Путешествие по пидор-барам: все они расположены на территории в два квартала. «Берлога Лео» закрыта до четырех утра. «Рыцарь в доспехах» пуст, бармен ворчит: «Какой еще там Бобби?» – и смотрит так, словно и вправду не знает. Джек отправляется в «Игровой зал Би-Джея».

Внутри стены, потолок, кабинки, даже крошечная сцена для музыкантов – все в искусственной коже. У стойки кучкуются педики. Бармен копа вычисляет сразу. Джек подходит и выкладывает на стойку фотографии.

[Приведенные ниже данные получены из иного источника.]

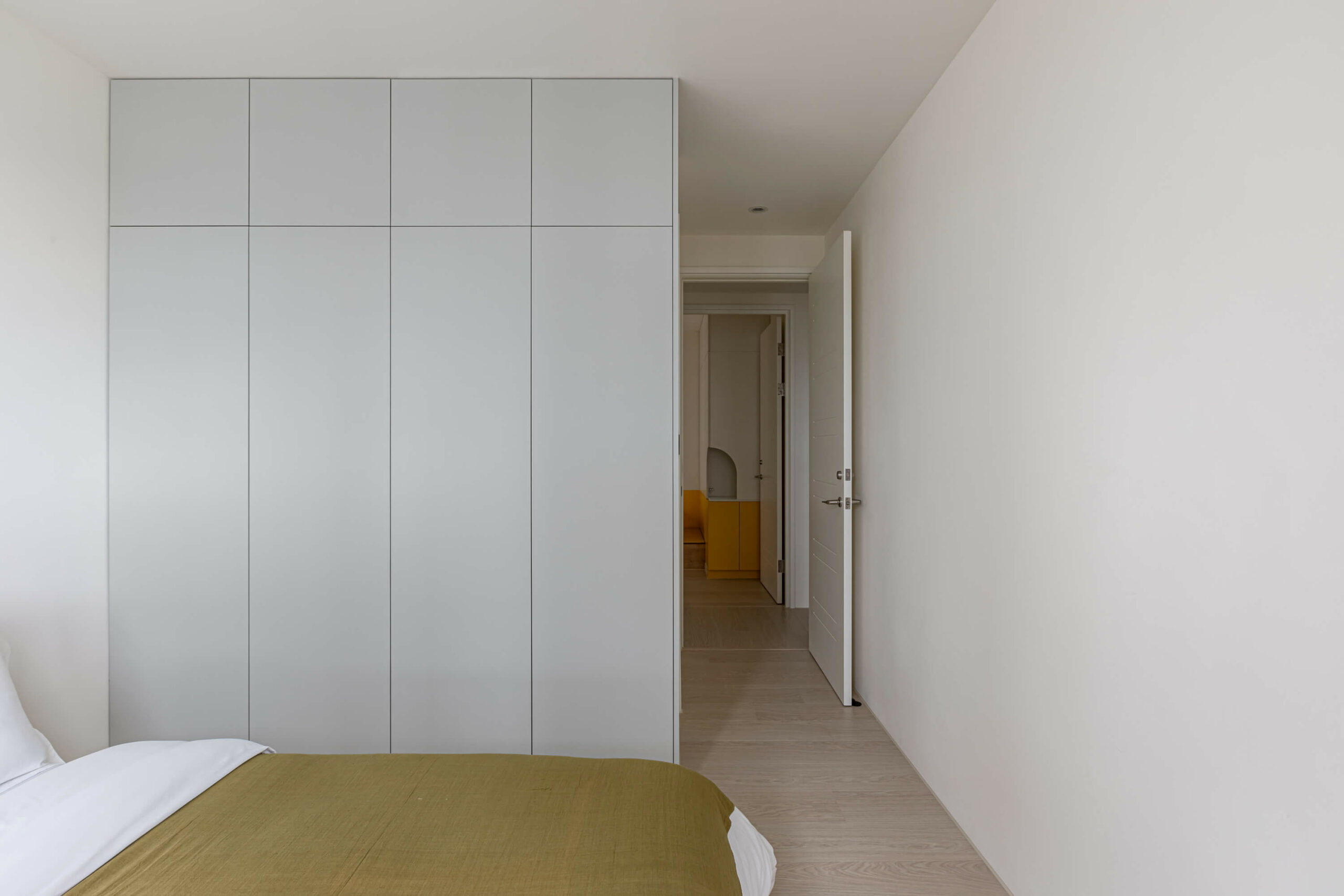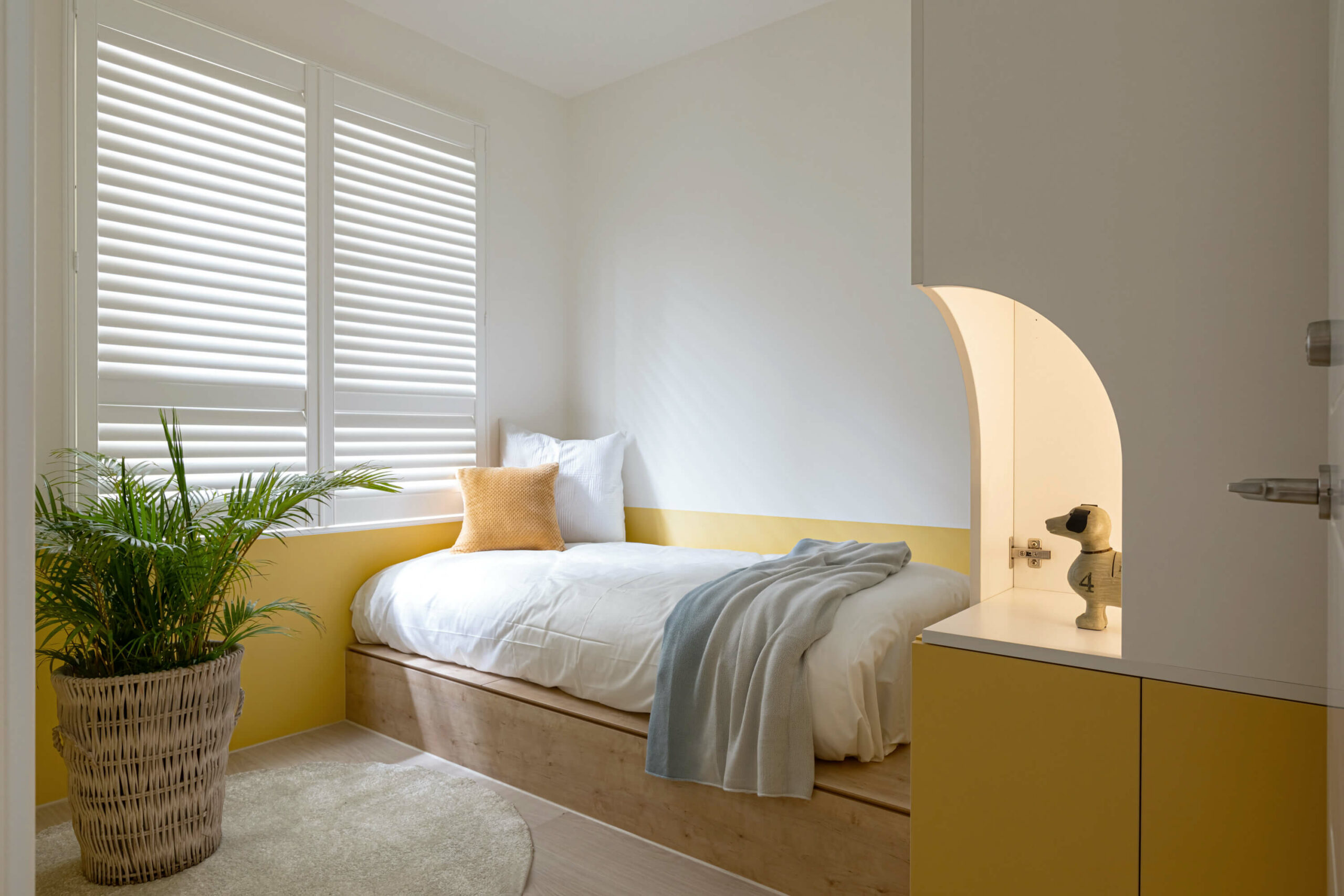 화이트와 옐로, 우드가 조화롭게 어우러져 발랄하고 경쾌한 분위기를 연출하고 있는 침실에는 다양한 수납공간이 효율적으로 내장되어 있는 빌트인장을 설치해 공간을 보다 깔끔하게 유지, 관리할 수 있도록 했다.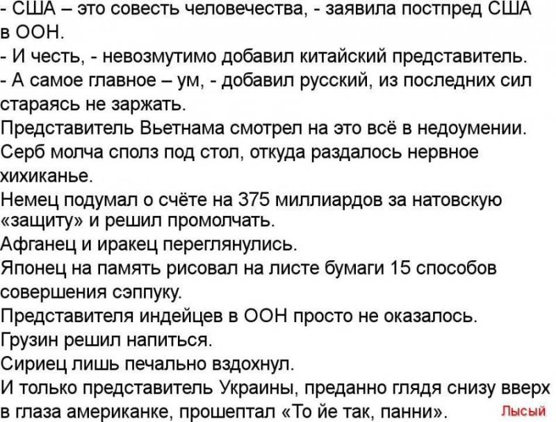 И в связи с этим нелишним было бы вспомнить, как часто ставившие ультиматум России отступались от своих требований и с удивительной для нас лёгкостью меняли линию своего поведения в отношениях с Россией. Может сложиться у некоторых мнение, что вот такие они легкомысленные и ветреные, западные политики. Но это не совсем так, дорогие читатели. За этой политической «легкомысленностью и ветреностью» стоит банальная трусость и опасение получить достойный ответ от неслабого оппонента. Вот посмотрите, как идёт накачка Трампа и общественного мнения со всех сторон на Западе. Начиная со слов гордости за решение отца нанести удар по авиабазе в Сирии (суверенном государстве, надо заметить) со стороны дочери Трампа — Иванки, словами одобрения со стороны самого Трампа в адрес американских военных («…достойно представили США!»), обещаниями американского руководства и впредь разговаривать с Россией с позиции силы и заканчивая «угрожающим», «ударным» визитом в Москву госсекретаря США, происходит формирование воинствующего истеричного настроя во всём вассальном окружении Америки. Все дружно и истерично настраивают себя (ну и, соответственно, американского президента в первую очередь) на воинственное противостояние с Россией. Почему-то возникает стойкая ассоциация в лучших голливудских традициях, когда струхнувшего бойца его секунданты подбадривают ободряющими словами: «Давай! Ты же можешь! Наваляй этому русскому!» и тот поневоле вынужден делать попытки «навалять», будучи не уверенным в своих силах.

– Вот этот, – бармен тычет пальцем в фотку, – Бобби, не знаю фамилии. Частенько сюда наведывается.

– Как часто?

– Ну, два-три раза в неделю точно.

– Днем или вечером?

– По-разному.

– Когда был здесь последний раз?

– Вчера. Да, вчера, как раз в это время. А вы…

– Я сяду в кабинку и его подожду. Если он появится, обо мне ни слова. Все понял?

– Да пожалуйста… Только, слушайте, вы и так мне всю клиентуру распугали…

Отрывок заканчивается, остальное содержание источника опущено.